HOW TO COMPLETE THIS TASK:
Going down the listing below, print exactly each line from the one with "2. 실행창이 뜨면 cmd 를 입력하고 확인을 눌러줍시다." up to and including the one with "The entrance to", and skip the rest.

EXERCISE DATA:

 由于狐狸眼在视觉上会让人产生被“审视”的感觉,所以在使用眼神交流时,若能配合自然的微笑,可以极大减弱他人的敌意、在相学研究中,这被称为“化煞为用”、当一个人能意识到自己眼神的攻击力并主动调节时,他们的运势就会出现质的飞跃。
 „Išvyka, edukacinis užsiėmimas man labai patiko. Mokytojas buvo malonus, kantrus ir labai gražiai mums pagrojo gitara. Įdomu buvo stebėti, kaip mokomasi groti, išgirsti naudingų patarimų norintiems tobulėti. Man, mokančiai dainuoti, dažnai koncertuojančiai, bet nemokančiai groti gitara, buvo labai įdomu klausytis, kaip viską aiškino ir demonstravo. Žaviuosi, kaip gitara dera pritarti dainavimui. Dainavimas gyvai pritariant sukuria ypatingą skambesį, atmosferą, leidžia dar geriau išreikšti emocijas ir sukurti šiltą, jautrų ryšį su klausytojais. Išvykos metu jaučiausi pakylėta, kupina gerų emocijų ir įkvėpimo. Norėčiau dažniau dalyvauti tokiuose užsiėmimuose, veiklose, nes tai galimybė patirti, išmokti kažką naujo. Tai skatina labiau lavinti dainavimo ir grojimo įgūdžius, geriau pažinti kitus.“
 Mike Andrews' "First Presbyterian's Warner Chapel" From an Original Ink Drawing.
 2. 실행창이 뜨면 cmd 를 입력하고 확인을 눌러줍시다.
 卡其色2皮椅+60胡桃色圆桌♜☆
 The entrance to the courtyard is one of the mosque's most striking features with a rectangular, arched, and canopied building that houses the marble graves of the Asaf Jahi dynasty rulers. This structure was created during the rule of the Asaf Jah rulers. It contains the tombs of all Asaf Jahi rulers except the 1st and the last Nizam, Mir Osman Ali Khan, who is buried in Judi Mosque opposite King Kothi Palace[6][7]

* * *

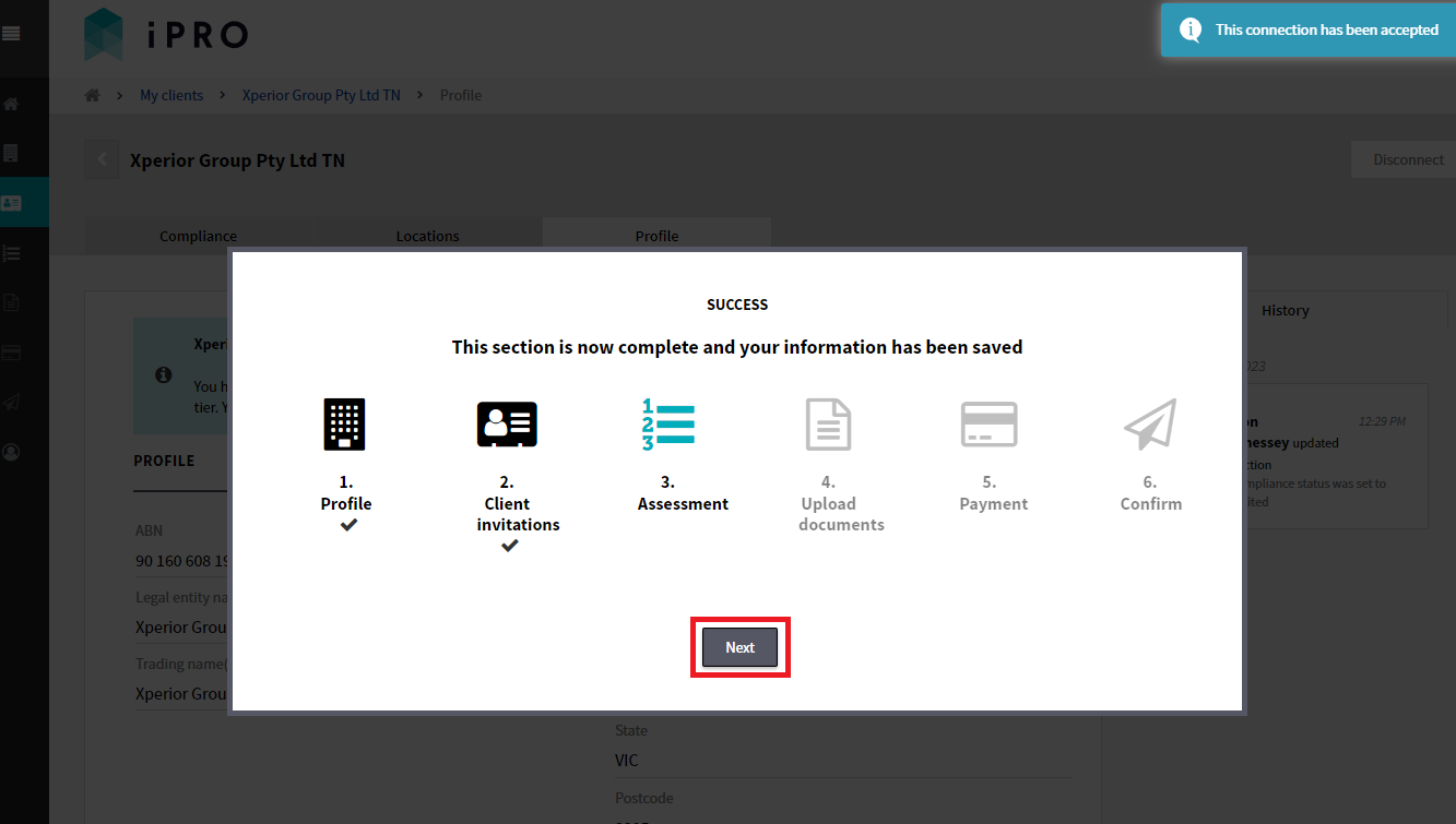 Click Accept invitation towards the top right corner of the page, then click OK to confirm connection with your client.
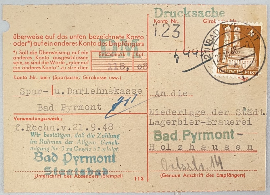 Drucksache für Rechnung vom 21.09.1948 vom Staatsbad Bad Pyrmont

REPLY TO THE EXERCISE:
 2. 실행창이 뜨면 cmd 를 입력하고 확인을 눌러줍시다.
 卡其色2皮椅+60胡桃色圆桌♜☆
 The entrance to the courtyard is one of the mosque's most striking features with a rectangular, arched, and canopied building that houses the marble graves of the Asaf Jahi dynasty rulers. This structure was created during the rule of the Asaf Jah rulers. It contains the tombs of all Asaf Jahi rulers except the 1st and the last Nizam, Mir Osman Ali Khan, who is buried in Judi Mosque opposite King Kothi Palace[6][7]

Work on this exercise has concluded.